Saba Capital Is Dumping BlackRock Funds and Buying Into Germany — Here’s What the $76.8M Activist Is Doing Now
Boaz Weinstein’s hedge fund sold $5.8M of ECAT and PDX in two weeks while quietly accumulating New Germany Fund shares — a shift that signals new activist targets in 2026.
Saba Capital Management, the $6 billion activist hedge fund run by Boaz Weinstein, sold approximately $5.8 million of closed-end fund shares across two tickers in the last two weeks of February — while simultaneously accumulating a position in a third.
The Rotation: What Saba Sold and What It Bought
Between February 19 and March 2, 2026, Saba filed a series of Form 4 disclosures showing a clear portfolio rotation within its closed-end fund book:
| Ticker | Fund | Action | Shares | Est. Value |
|---|---|---|---|---|
| ECAT | BlackRock ESG Capital Allocation Term Trust | Sell | 320,091 | $4.8M |
| PDX | PIMCO Dynamic Income Strategy Fund | Sell | 73,247 | $1.5M |
| GF | New Germany Fund | Buy | 32,964 | $402K |
This is not random rebalancing. Saba is a 10%+ owner in all three funds, and each move signals a deliberate strategic shift. The firm’s Form 4 history on 13F Insight shows 295 transactions across 15 different closed-end funds, with a career sell total of $76.8M against $65.2M in buys.

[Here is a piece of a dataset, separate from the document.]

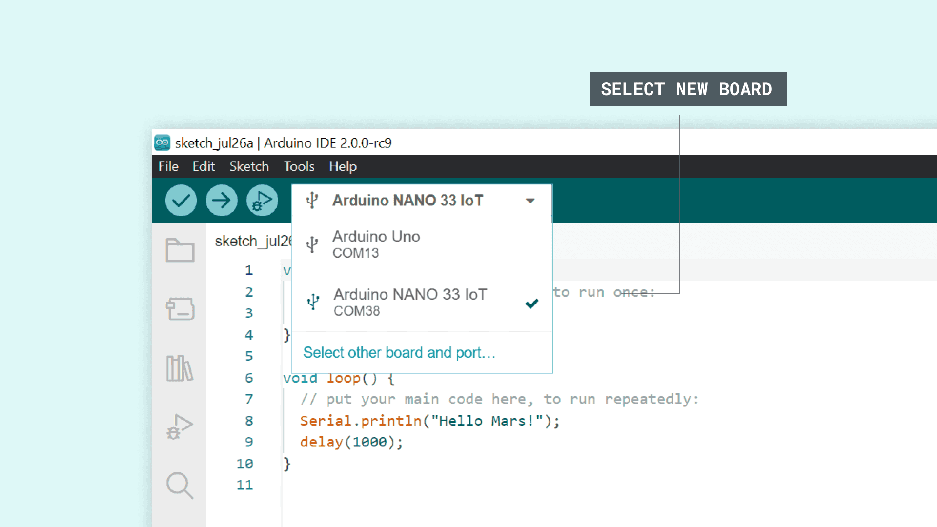 , every one second to the Serial Monitor. Let's select the board we want to use, and upload the sketch to the board.

Why Saba Is Leaving BlackRock
The ECAT sales mark the tail end of a campaign that already reached its climax. In January 2025, Saba and BlackRock announced a landmark settlement: BlackRock agreed to buy back 50% of shares in its Innovation & Growth Trust (BIGZ) and 40% of Health Sciences Trust (BME) at 99.5% of NAV — totaling roughly $1.6 billion in shareholder liquidity, the largest such tender in closed-end fund history.
In exchange, Saba dropped demands to replace directors and fire BlackRock as manager across dozens of funds. The truce lasts three proxy seasons.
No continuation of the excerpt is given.